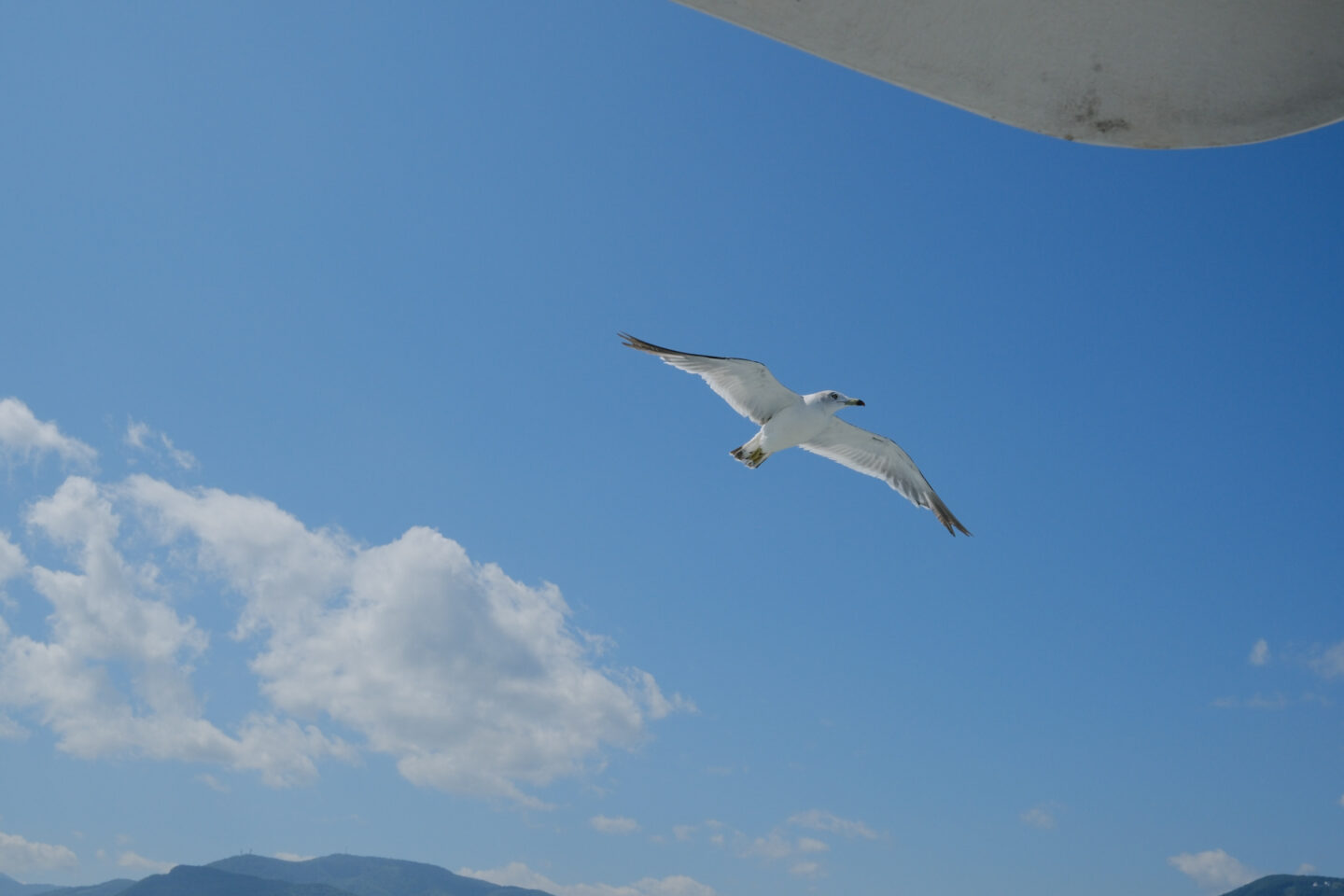 ライフジャケットを着たらデッキでも撮影できるよ、と乗務員さん。それでは、ライフジャケットをお借りしますと話していると、カモメがやってきた。
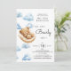 "Podemos esperar", Chá Baby Boy Invitation, apresenta uma charmosa ilustração aquosa de um urso-cama em um pano de fundo de nuvens lisas. Este design adorável dá um tom de sonho para sua celebração especial, perfeito para acolher a chegada de um garotinho. Com seu trabalho de arte branco e sua paleta de cores suaves, este convite certamente deliciará seus convidados e tornará seu chá de fraldas um evento memorável. Criado por Designs SweetFind
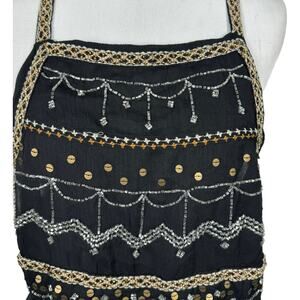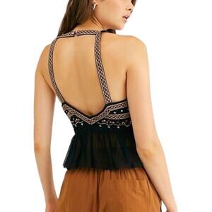 Free People Camille Embroidered Cami Top Medium Black Embellished Sequin Boho
━━━
[PROBLEM TO WORK ON]: Print only the lines from the opening line of the listing to the line containing "por Designs SweetFind", inclusive, exactly as they appear and without pictures.

[ANSWER SECTION]:
 ライフジャケットを着たらデッキでも撮影できるよ、と乗務員さん。それでは、ライフジャケットをお借りしますと話していると、カモメがやってきた。
 "Podemos esperar", Chá Baby Boy Invitation, apresenta uma charmosa ilustração aquosa de um urso-cama em um pano de fundo de nuvens lisas. Este design adorável dá um tom de sonho para sua celebração especial, perfeito para acolher a chegada de um garotinho. Com seu trabalho de arte branco e sua paleta de cores suaves, este convite certamente deliciará seus convidados e tornará seu chá de fraldas um evento memorável. Criado por Designs SweetFind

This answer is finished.